The Indian rupee is expected to become more volatile, which faces persistent downward pressure from a strong U.S. dollar. The rupee has depreciated by 3% in 2024 and 2% in 2025, with forecasts predicting further weakening. Analysts cite U.S. tariff threats, rising crude oil prices, and foreign investor sell-offs as key factors.

The RBI has allowed a gradual depreciation, though this is contributing to inflationary pressures and slowing economic growth. A weaker rupee benefits exports but challenges remain due to structural inefficiencies and higher import costs, particularly in sectors like automobiles and crude oil. The depreciating rupee also raises concerns about India’s economic stability, with slowing rural demand and external factors like a stronger U.S. economy and geopolitical tensions further complicating the outlook.

 

Future Outlook

Geopolitical risks, from trade wars to regional security tensions, are reshaping India’s economic landscape in profound ways. While India’s economy continues to grow, these external risks can create significant headwinds.

India’s ability to manage and adapt to these global risks largely depends on its domestic policies. The government has introduced initiatives such as the “Atmanirbhar Bharat” (self-reliant India) campaign to boost domestic manufacturing and reduce dependence on foreign imports, particularly in sectors like defence, technology, and critical infrastructure. However, these efforts take time to materialize and face challenges in terms of implementation.

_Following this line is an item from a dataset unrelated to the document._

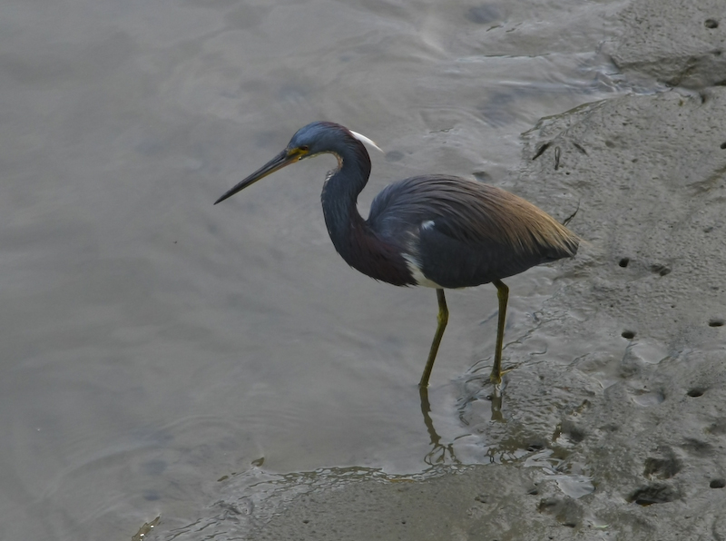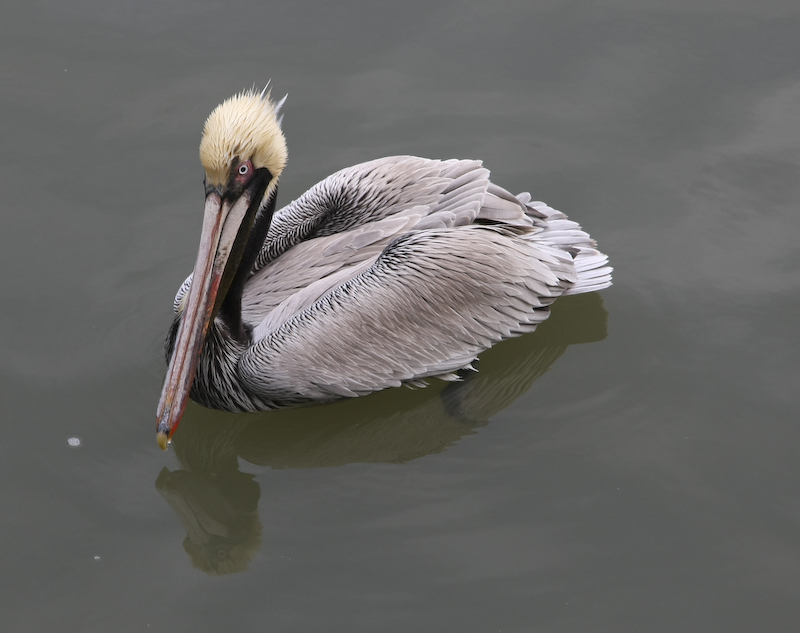 One of the local pelicans got close enough for a pretty clear shot. Note the reflection in the calm water.

The Reserve Bank of India (RBI) has also taken steps to curb inflation and stabilize the economy by raising interest rates. However, with inflation still a major concern, the government may need to take additional fiscal measures to shield consumers from rising prices, particularly for essential goods. As India faces these challenges, its ability to remain resilient and agile will determine its economic future in an increasingly volatile global environment.